Estimand type: EstimandType.NONPARAMETRIC_ATE

### Estimand : 1
Estimand name: backdoor
Estimand expression:
    d
─────────(E[y|W1,W3,W0,W2])
d[v₀  v₁]
Estimand assumption 1, Unconfoundedness: If U→{v0,v1} and U→y then P(y|v0,v1,W1,W3,W0,W2,U) = P(y|v0,v1,W1,W3,W0,W2)

### Estimand : 2
Estimand name: iv
No such variable(s) found!

### Estimand : 3
Estimand name: frontdoor
No such variable(s) found!

Linear model#

Let us first see an example for a linear model.
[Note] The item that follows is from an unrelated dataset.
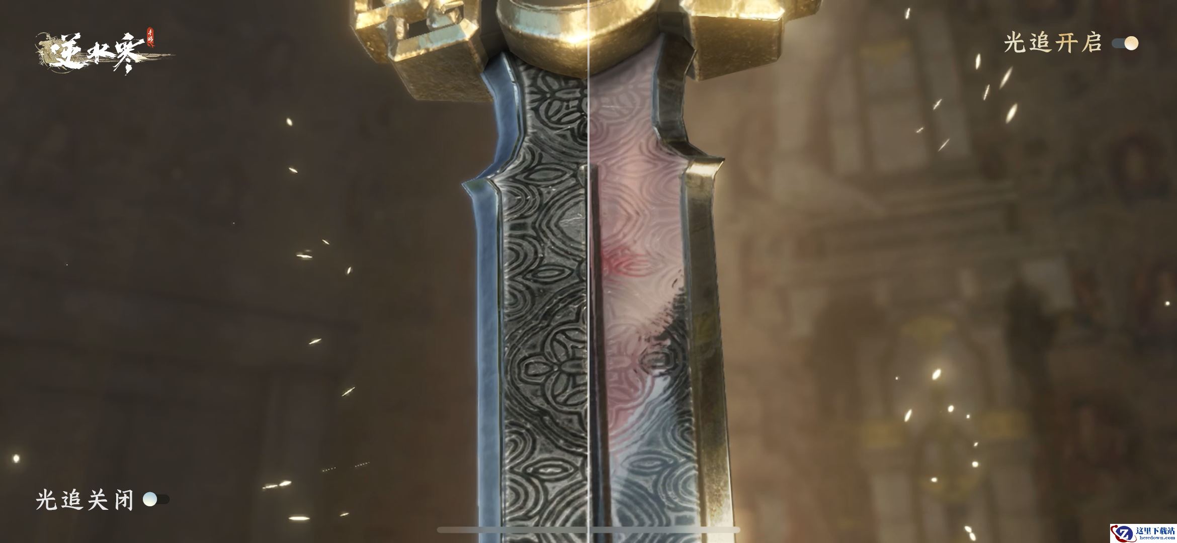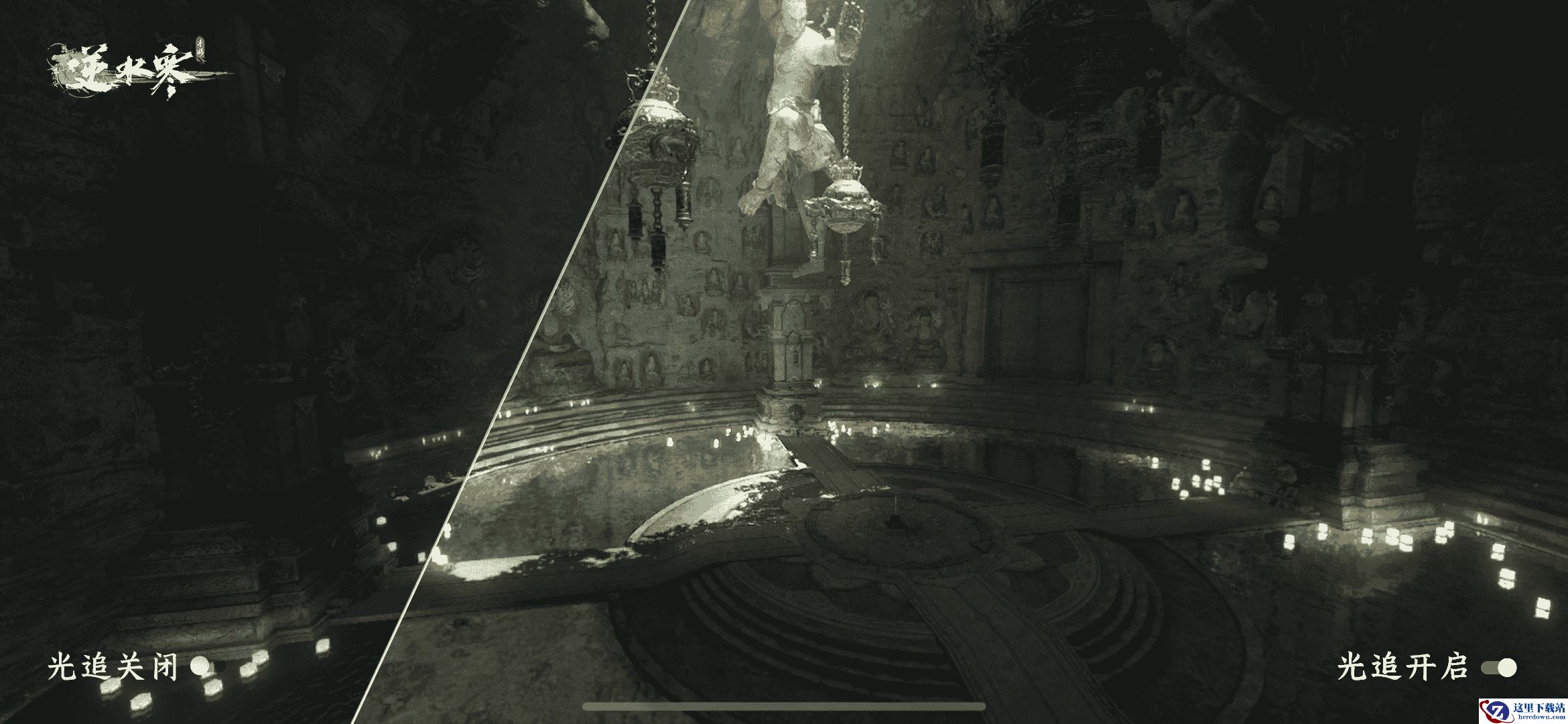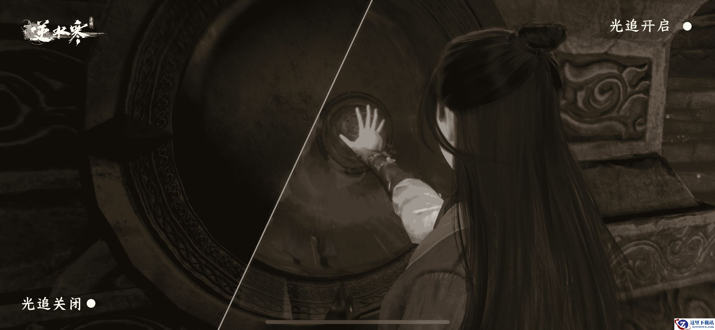 当光线追踪(Ray tracing)开启时,水面、铜镜表面、宝剑剑刃都会准确反馈周遭的景象,通过追踪每一缕光线的照射和反射轨迹,精确展示每个场景物品元素的细节,展现出如同现实世界的真实感。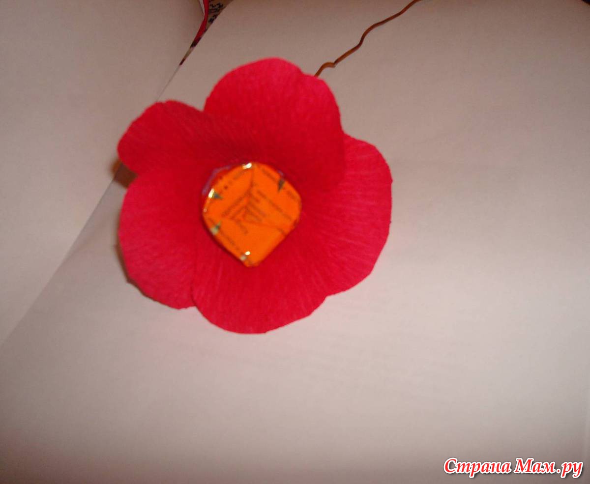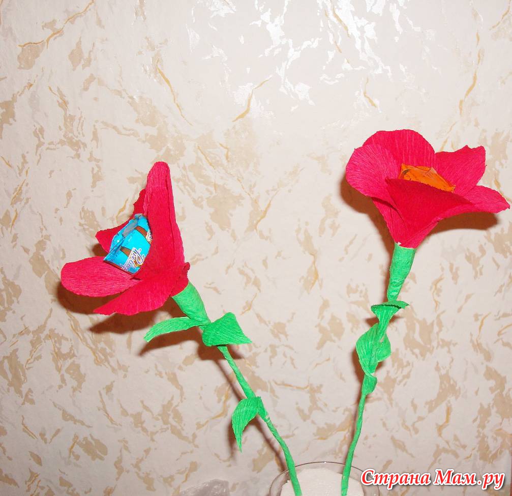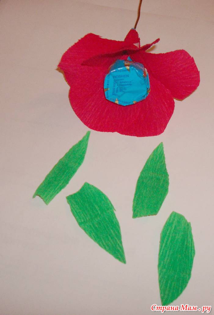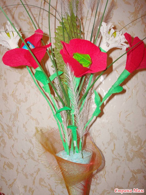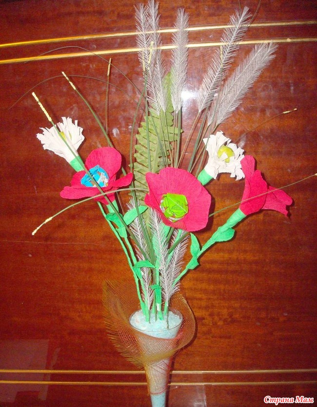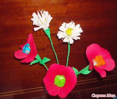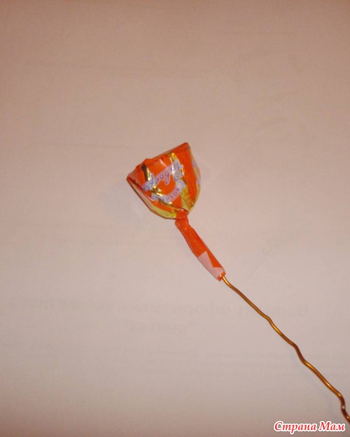 Мне понравилась идея делать букеты из конфет. Это мой первый опыт. Я взяла конфеты, прикрепила к проволоке

The control_value and treatment_value can be provided as a tuple/list when the treatment is multi-dimensional.

The interpretation is change in y when v0 and v1 are changed from (0,0) to (1,1).

[6]:

linear_estimate = model.estimate_effect(identified_estimand,
                                        method_name="backdoor.linear_regression",
                                        control_value=(0,0),
                                        treatment_value=(1,1),
                                        method_params={'need_conditional_estimates': False})
print(linear_estimate)

*** Causal Estimate ***

## Identified estimand
Estimand type: EstimandType.NONPARAMETRIC_ATE

### Estimand : 1
Estimand name: backdoor
Estimand expression:
    d
─────────(E[y|W1,W3,W0,W2])
d[v₀  v₁]
Estimand assumption 1, Unconfoundedness: If U→{v0,v1} and U→y then P(y|v0,v1,W1,W3,W0,W2,U) = P(y|v0,v1,W1,W3,W0,W2)

## Realized estimand
b: y~v0+v1+W1+W3+W0+W2+v0*X0+v0*X1+v1*X0+v1*X1
Target units: ate

## Estimate
Mean value: 22.25845726793183

You can estimate conditional effects, based on effect modifiers.

[7]:

linear_estimate = model.estimate_effect(identified_estimand,
                                        method_name="backdoor.linear_regression",
                                        control_value=(0,0),
                                        treatment_value=(1,1))
print(linear_estimate)

*** Causal Estimate ***

## Identified estimand
Estimand type: EstimandType.NONPARAMETRIC_ATE

### Estimand : 1
Estimand name: backdoor
Estimand expression:
    d
─────────(E[y|W1,W3,W0,W2])
d[v₀  v₁]
Estimand assumption 1, Unconfoundedness: If U→{v0,v1} and U→y then P(y|v0,v1,W1,W3,W0,W2,U) = P(y|v0,v1,W1,W3,W0,W2)

## Realized estimand
b: y~v0+v1+W1+W3+W0+W2+v0*X0+v0*X1+v1*X0+v1*X1
Target units:

## Estimate
Mean value: 22.25845726793183
### Conditional Estimates
__categorical__X0  __categorical__X1
(-3.306, -0.28]    (-3.65, -0.846]     -14.213706
                   (-0.846, -0.269]      5.928376
                   (-0.269, 0.25]       18.385412
                   (0.25, 0.853]        31.043649
                   (0.853, 4.86]        51.529347
(-0.28, 0.302]     (-3.65, -0.846]     -13.082238
                   (-0.846, -0.269]      8.109030
                   (-0.269, 0.25]       20.594350
                   (0.25, 0.853]        33.728952
                   (0.853, 4.86]        53.943140
(0.302, 0.802]     (-3.65, -0.846]     -10.653578
                   (-0.846, -0.269]      9.353780
                   (-0.269, 0.25]       22.335409
                   (0.25, 0.853]        34.773520
                   (0.853, 4.86]        56.268985
(0.802, 1.379]     (-3.65, -0.846]      -9.280687
                   (-0.846, -0.269]     10.641964
                   (-0.269, 0.25]       23.494075
                   (0.25, 0.853]        36.585261
                   (0.853, 4.86]        56.801042
(1.379, 4.106]     (-3.65, -0.846]      -8.579829
                   (-0.846, -0.269]     13.522220
                   (-0.269, 0.25]       26.088410
                   (0.25, 0.853]        38.839871
                   (0.853, 4.86]        60.410755
dtype: float64

More methods#

You can also use methods from EconML or CausalML libraries that support multiple treatments. You can look at examples from the conditional effect notebook: https://py-why.github.io/dowhy/example_notebooks/dowhy-conditional-treatment-effects.html

Propensity-based methods do not support multiple treatments currently.